In the Old Testament theocracy, prophets were undoubtedly the greatest human safeguards against monarchs wielding absolute power and/or not taking God's revealed will into proper consideration. The king might repent (as David did after Nathan confronted him of his sins with Uriah and Bathsheba) or he might be persecuted (as Ahab did with Elijah). But it is not surprising that the little New Testament letter of James, which most directly confronts the economic sins of the wealthy in first-century Jewish-Christian circles, alludes to no less than four dozen teachings of Jesus, almost half from the Sermon on the Mount/Plain, that particularly echo key themes of Old Testament prophetic rebuke of leadership gone awry.

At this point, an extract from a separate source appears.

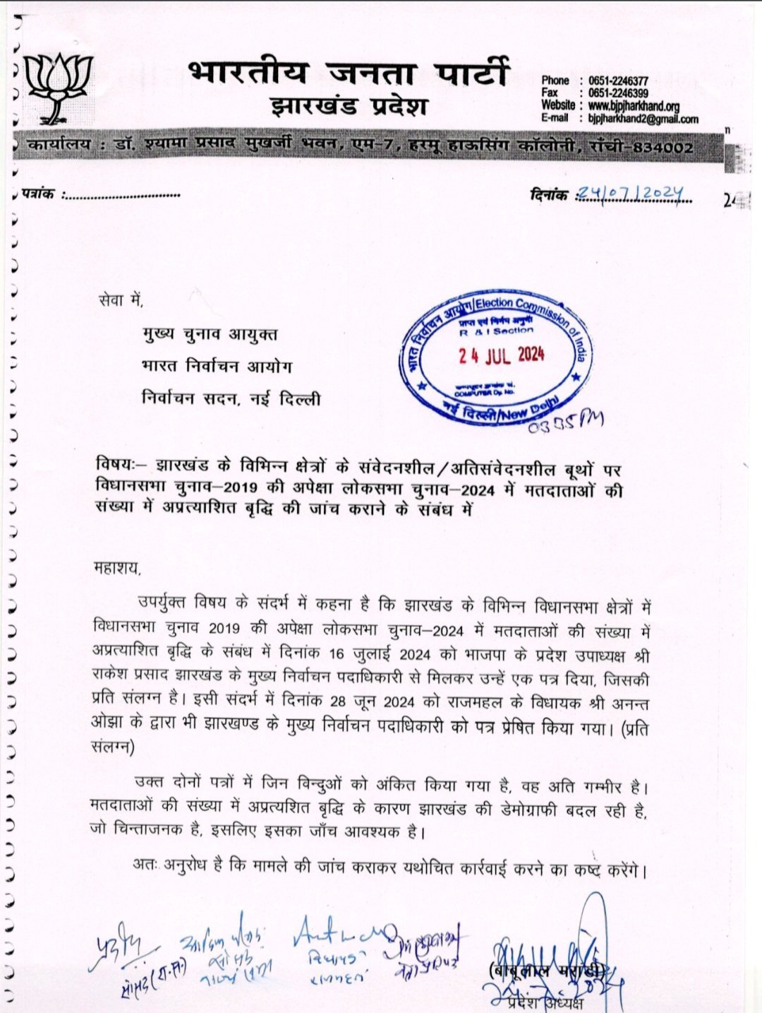 झारखंड के 10 विधानसभा क्षेत्रों में मुस्लिम वोटर बढ़ने को लेकर बाबूलाल ने की भारत निर्वाचन आयोग से शिकायत

Gushee's book appropriately suggests that a good way to determine if an individual, congregation or entire wing of the church has lost its biblical moorings is to ask how many issues they can identify where they would be conscience-bound to go against their political party. There are plenty to go around for everybody, because Jesus, like Scripture more generally, was extremely concerned to help the poor, to bring justice for the marginalized, to treat the illegal alien in the land the same as the local citizenry (after all, in OT times, since the land had been given exclusively to Israel, all residents aliens were technically illegal, yet OT law repeatedly insists on equal treatment for them). Republicans have not historically distinguished themselves well on such issues. But Jesus was also pro-family (though not always in ways that some modern political rhetoric is), pro-heterosexual monogamy, and pro-life. Democrats have not historically distinguished themselves well on such issues.
Will the rest of this year's political campaign be business as usual with each party's members who are also churchgoers and perhaps even true Christians simply aligning themselves with their typical political concerns ? Or might we find a centrist coalition emerging that echoes the historical Jesus, like the prophets before him, in cutting right across all of the conventional political boundaries, barely even considering the option of voting a straight ticket, taking each candidate and issue one-by-one on their own merits and evaluating them in a truly Christian fashion, immersed in the whole counsel of God's word?


Criag,
I really appreciate your blog. I have become uneasy within todays Christian circles that embraces the whole concept of voting /supporting one particular party. Times are extreme and mans heart is deceitfully wicked, which makes wonder if we as Christians, would be easily manipulated to vote for someone that we would later truly, truly regret, just because they are labled and in a particular party. What if someone had their own agenda and knew that all they had to do was put a lable on themselves and they would be able to get right in.